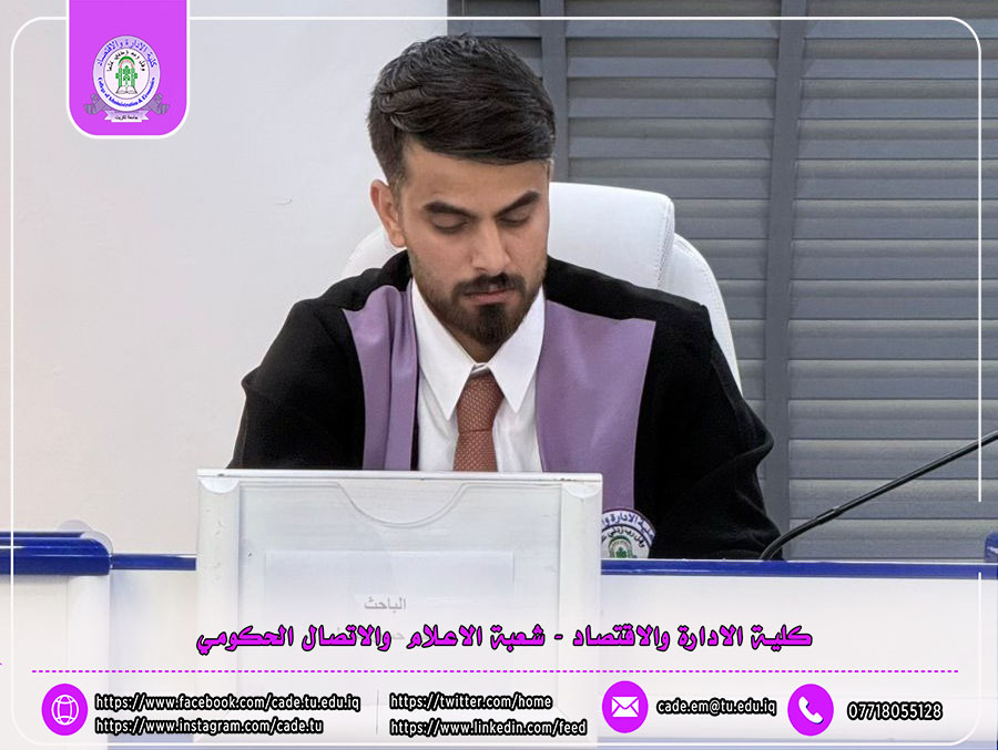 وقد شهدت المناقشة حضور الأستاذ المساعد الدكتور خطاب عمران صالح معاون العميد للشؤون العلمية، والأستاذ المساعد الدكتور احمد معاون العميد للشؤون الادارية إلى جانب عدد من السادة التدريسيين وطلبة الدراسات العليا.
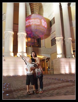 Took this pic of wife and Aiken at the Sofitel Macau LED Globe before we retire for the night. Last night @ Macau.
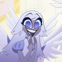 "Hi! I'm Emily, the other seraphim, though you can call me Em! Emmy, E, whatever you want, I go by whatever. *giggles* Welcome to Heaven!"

• To do: Skip every picture and return the lines above from the top through the one that contains "Took this pic".

• Answer for the task:
 وقد شهدت المناقشة حضور الأستاذ المساعد الدكتور خطاب عمران صالح معاون العميد للشؤون العلمية، والأستاذ المساعد الدكتور احمد معاون العميد للشؤون الادارية إلى جانب عدد من السادة التدريسيين وطلبة الدراسات العليا.
 Took this pic of wife and Aiken at the Sofitel Macau LED Globe before we retire for the night. Last night @ Macau.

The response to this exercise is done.